FIG. 1 is a flowchart illustrating an exemplary method for forming a MCrAlY coating over one or more surfaces of a selected gas turbine engine component; and

FIG. 2 is a graph of corrosion testing data illustrating the corrosion resistance of a first superalloy substrate having a slurry-deposited MCrAlY coating formed thereof relative to the corrosion resistances of two uncoated superalloy substrates.

DETAILED DESCRIPTION

The following Detailed Description is merely exemplary in nature and is not intended to limit the invention or the application and uses of the invention. Furthermore, there is no intention to be bound by any theory presented in the preceding Background or the following Detailed Description.

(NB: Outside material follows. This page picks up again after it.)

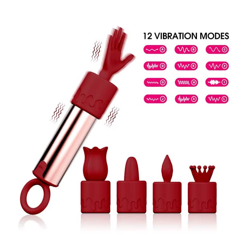 12 Modes Rose Cover Multi-Head Vibrator – 5-in-1 Bullet Vibrator Lipstick-Style Toy for Women

FIG. 1 is a flowchart illustrating an exemplary method 10 suitable for forming a slurry-deposited MCrAlY coating on one or more surfaces of a gas turbine engine (“GTE”) component. In certain embodiments, method 10 provides a novel manner in which advanced MCrAlY coatings having enhanced environmentally-protective properties (e.g., improved corrosion and oxidation resistance) can be formed on newly-manufactured GTE components, as well as on pre-existing components not requiring repair. In other embodiments, method 10 provides a novel repair technique that can be utilized to rebuild or otherwise restore damaged areas (e.g., eroded and/or cracked areas) of GTE components with MCrAlY-based materials often having superior corrosion and oxidation resistant properties, as compared to conventionally-employed repair materials and to the superalloy parent material form which the GTE component is fabricated. In either case, exemplary method 10 involves preparation of an unique MCrAlY-based slurry that can be applied to a selected GTE component utilizing a relatively inexpensive and straightforward application technique, such as brushing, dipping, or spraying. After application, the MCrAlY slurry is heat treated to form a highly dense, adherent MCrAlY coating having exceptional corrosion and oxidation resistive properties, as described more fully below. The steps illustrated in FIG. 1 and described below are, of course, provided by way of example only; in alternative embodiments of method 10, additional steps may be performed, certain steps may be omitted, and/or the steps may be performed in alternative sequences.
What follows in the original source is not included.